## EXERCISE DETAILS
In the data below, restate exactly the lines from the one with "4月1日晚间,理士国际(00" to the final line, both included, but not the pictures.

## GIVEN INFORMATION
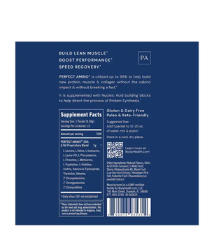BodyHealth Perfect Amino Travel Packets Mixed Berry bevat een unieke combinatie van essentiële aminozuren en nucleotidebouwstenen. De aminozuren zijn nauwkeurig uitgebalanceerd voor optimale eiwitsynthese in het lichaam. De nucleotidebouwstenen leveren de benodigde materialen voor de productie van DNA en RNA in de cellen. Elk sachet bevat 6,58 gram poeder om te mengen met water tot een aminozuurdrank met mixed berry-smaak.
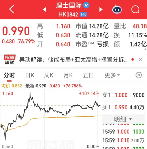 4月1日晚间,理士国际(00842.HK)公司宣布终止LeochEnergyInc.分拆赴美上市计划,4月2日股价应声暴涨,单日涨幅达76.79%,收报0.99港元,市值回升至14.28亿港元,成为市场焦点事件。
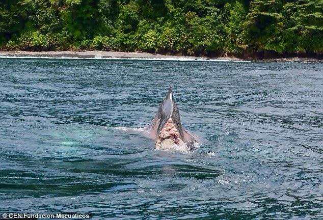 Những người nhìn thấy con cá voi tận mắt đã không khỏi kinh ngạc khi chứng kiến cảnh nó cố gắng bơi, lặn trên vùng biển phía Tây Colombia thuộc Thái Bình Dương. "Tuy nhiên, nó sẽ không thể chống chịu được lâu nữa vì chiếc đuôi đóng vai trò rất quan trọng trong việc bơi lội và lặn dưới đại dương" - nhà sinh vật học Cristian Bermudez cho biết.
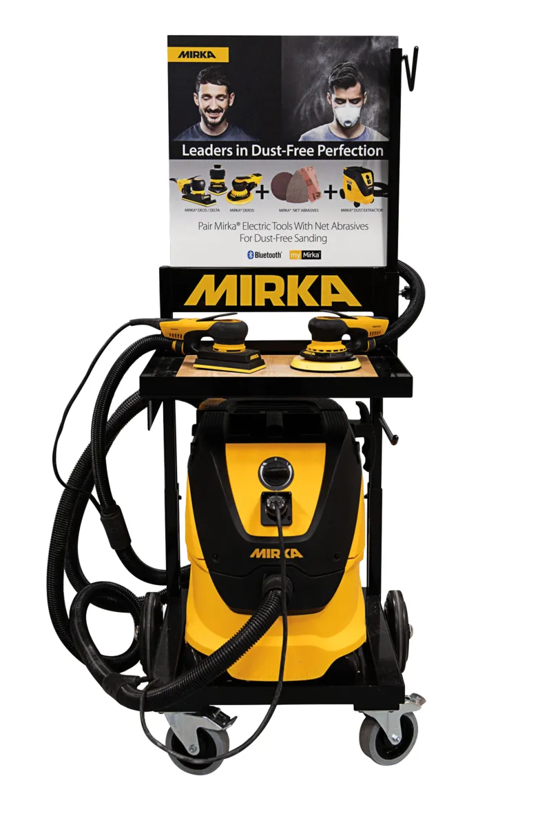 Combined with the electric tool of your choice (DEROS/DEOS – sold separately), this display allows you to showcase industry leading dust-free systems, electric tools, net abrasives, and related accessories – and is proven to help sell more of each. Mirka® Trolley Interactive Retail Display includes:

## ANSWER FOR THIS EXERCISE
 4月1日晚间,理士国际(00842.HK)公司宣布终止LeochEnergyInc.分拆赴美上市计划,4月2日股价应声暴涨,单日涨幅达76.79%,收报0.99港元,市值回升至14.28亿港元,成为市场焦点事件。
 Những người nhìn thấy con cá voi tận mắt đã không khỏi kinh ngạc khi chứng kiến cảnh nó cố gắng bơi, lặn trên vùng biển phía Tây Colombia thuộc Thái Bình Dương. "Tuy nhiên, nó sẽ không thể chống chịu được lâu nữa vì chiếc đuôi đóng vai trò rất quan trọng trong việc bơi lội và lặn dưới đại dương" - nhà sinh vật học Cristian Bermudez cho biết.
 Combined with the electric tool of your choice (DEROS/DEOS – sold separately), this display allows you to showcase industry leading dust-free systems, electric tools, net abrasives, and related accessories – and is proven to help sell more of each. Mirka® Trolley Interactive Retail Display includes:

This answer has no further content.